On Sunday morning, CoB Moderator, Rev. Tim Harvey delivered the message based on Romans 12:9-12 and Genesis 50:15-23. His sermon title was the same as the theme of the conference, Continuing the Work of Jesus: Peacefully. Simply. Together. Many F/friends are either recently coming out of a painful period of conflict or still in the midst. A variety of denominations are in the same place we are, and The Church of the Brethren is clearly wrestling with the same issues. Rev. Harvey's message was clear. “Our conflict will not undo us. What we share is more important. We approach nothing from the opposite side of the spectrum because we are already on the same side in our baptism in Jesus Christ.”

The rest of the conference was interspersed with alumni luncheons, an offering of 10-14 different workshops per day, and reports from a wide variety of ministries addressing issues from everything from North Korea, Germany, and Intercultural Ministries operating on the borders of our country.  Throughout the entire conference, the American Red Cross held a blood drive, and there were lines of Brethren daily. During the agency presentations, I had the distinct honor of representing Earlham School of Religion, reading a letter of introduction written by Jay Marshall, Dean of Earlham School of Religion, sending greetings to the conference.  Many have heard of the partnership, but had never seen a flesh and blood representation of it.

In one of the conference halls, the displays were established for viewing and information:

Bethany Theological Seminary Booth

A variety of organizations were present: Ministry of Reconciliation Services to Congregations and Districts, Food Resource Bank, Church World Service, Global Women's Project, Brethren Heritage Center, and the New Community Project to name a few.

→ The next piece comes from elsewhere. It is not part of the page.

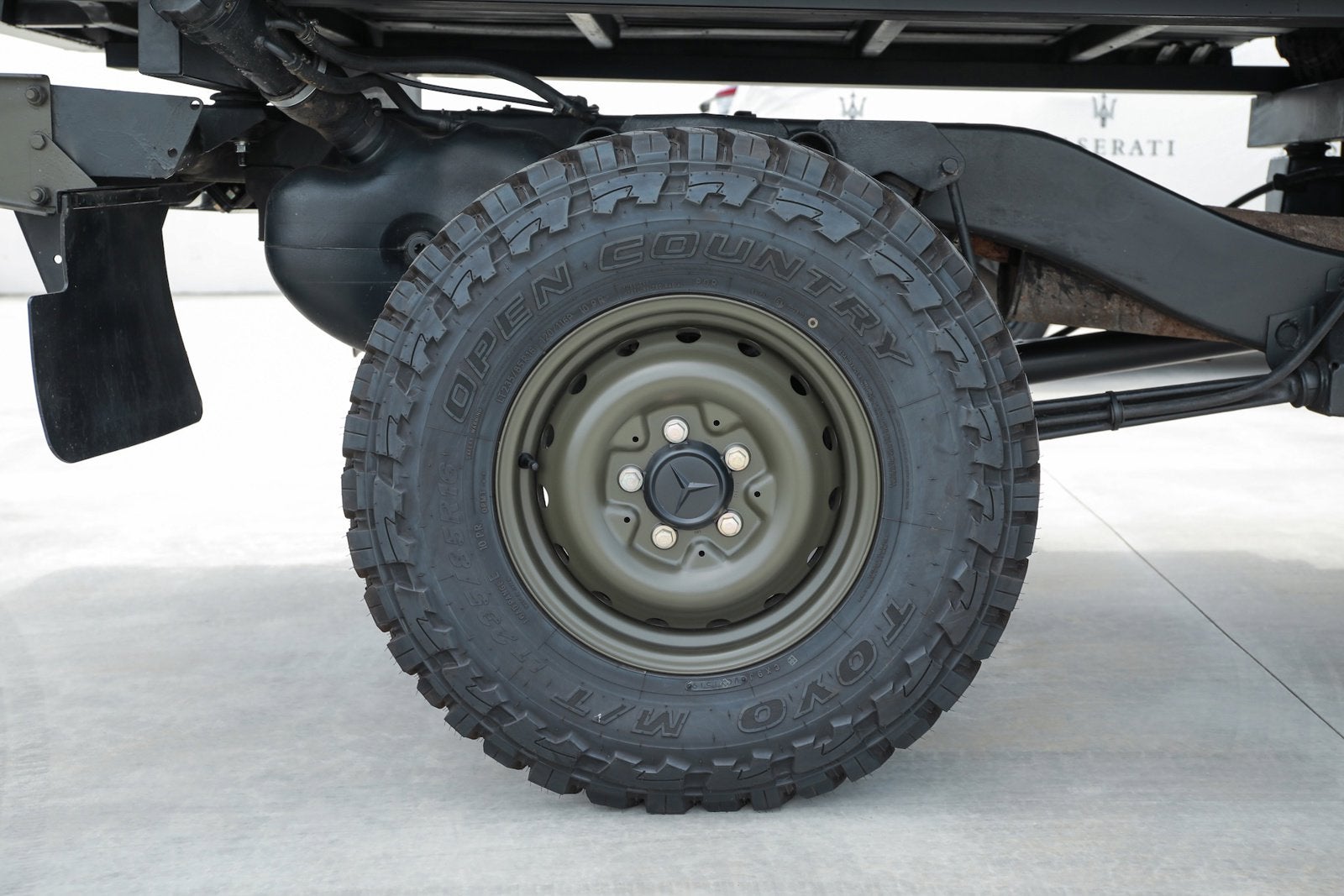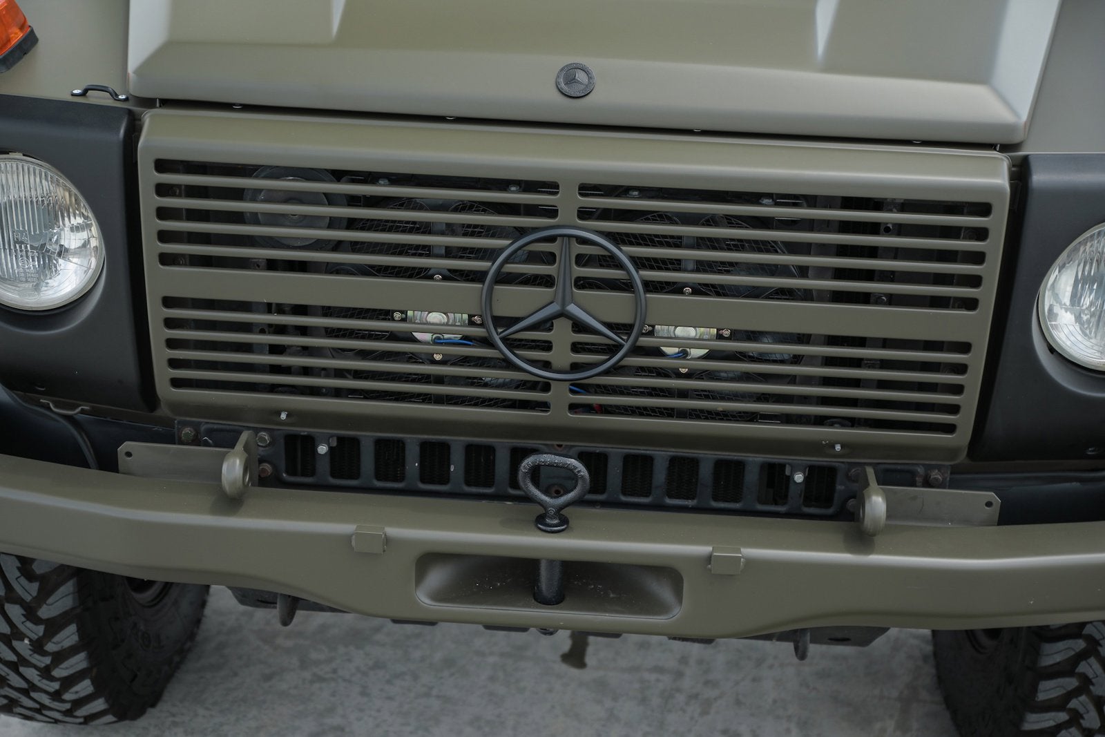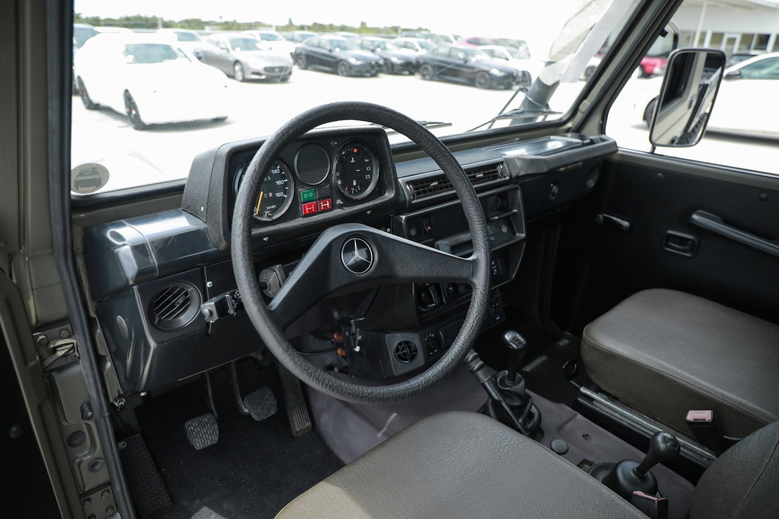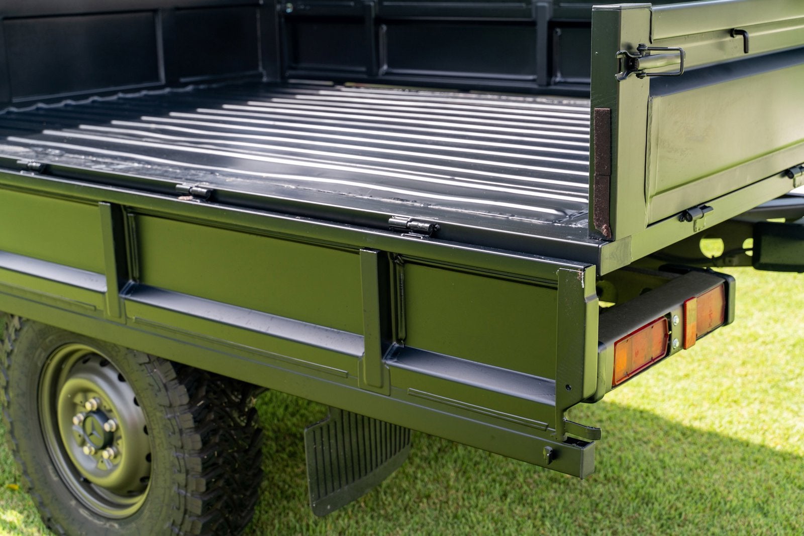 1994 Mercedes-Benz 290 GD Pickup Chassis No. WDB46145917098287 - Rarely seen 290 GD Pickup; imported into the U.S. in 2020 - Upgraded 2.9-liter turbo-diesel engine fitted with non-standard five-speed gearbox - Practical extras include spare wheel, fuel can, roof rack and snorkel - Links to driving and walkaround videos: https://youtu.be/GxsOBAyeKco https://youtu.be/47thpeeacEE Built on the W461 platform of the popular Mercedes-Benz G-Wagen, the 290 GD Pickup was produced in low numbers by the German marque between 1992 to 1997. The pickup variant of the truck reflects the roots of the G-Class, the model line that was first produced in 1979 as a no-frills, rugged off-roader, before gaining popularity as a luxury vehicle. Stripped back for functionality with its open cargo load area, the 290 GD Pickup is also highly versatile on tricky terrain thanks to its four-wheel drive, low gearing, and locking differential over both axles. This example, with its single cab finished in matte dark green and the fold-down truck bed presented in black, is understood to have been imported into the United States from Belgium in 2020. The current specification suggests slight modifications from the manufacturer build, with this truck fitted with a turbocharged diesel powertrain. The 290 GDs of the era would have been powered from the factory by a non-turbo, 2.9-liter diesel unit. In addition, the Mercedes-Benz has received an upgrade from its standard four-speed gearbox to five-speed, with overdrive transmission, and is equipped with air conditioning, another non-standard feature. A spare wheel and metal jerry can are fixed to the rear of the cab, also showing a roof rack on top, and a snorkel around the front to aid air supply to the engine if wading through water. The steel wheels are painted to match the color of the cab and ride on knobby Toyo Open Country tires. The load bay can completely fold on three sides to serve as a flat bed. Inside the cab, the truck sports refreshingly simple design; wind-up windows either side and a sliding rear window let in light, the seats are finished in a shade of green to match the exterior, and a low-range, floor-mounted gear lever works alongside the manual transmission stick. Please contact us to view this vehicle or for more information.

While walking through the Display Hall I was struck by the fact that in the same room, at the same conference, were two groups with opposing views.  The Brethren-Mennonite Council For Lesbian, Gay, Bisexual, and Transgender Interests had their booth in the hall with information to distribute as well as the Brethren Revival Fellowship, a group that perceives the issues at hand differently than the Council. I don't know if either group appreciated the presence of the other. I don't know how the majority of the gathering felt about the presence of one or the other, but I do know that both were there, out in the open, in the same space, not hiding.  I also know I appreciated the open presence of both. I have been to a wide variety of Quaker gatherings from a wide variety of branches in the Quaker Family Tree, knowing that both groups as those represented by these two Brethren organizations exist in all those Quaker gatherings, just not out in the open for fear of being perceived as being “too liberal” or “too conservative.” 

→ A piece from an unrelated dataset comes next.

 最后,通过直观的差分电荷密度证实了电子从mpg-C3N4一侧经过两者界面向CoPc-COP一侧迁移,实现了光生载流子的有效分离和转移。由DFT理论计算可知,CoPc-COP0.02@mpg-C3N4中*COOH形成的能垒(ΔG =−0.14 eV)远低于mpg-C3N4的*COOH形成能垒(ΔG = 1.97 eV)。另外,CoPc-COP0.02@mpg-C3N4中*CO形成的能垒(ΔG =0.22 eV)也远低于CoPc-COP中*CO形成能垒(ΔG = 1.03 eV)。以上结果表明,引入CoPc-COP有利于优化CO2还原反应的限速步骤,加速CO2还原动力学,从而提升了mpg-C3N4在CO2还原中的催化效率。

I was also struck by the hard and faithful work done by the Bethany Faculty.  Many of them conducted workshops and insight sessions on a wide variety of topics. Many of them attended to the Bethany booth, answering questions, greeting old friends and alumni/a, and being a viable presence and witness to the importance of the seminaries in the continuing work of Jesus. Peacefully. Simply. Together.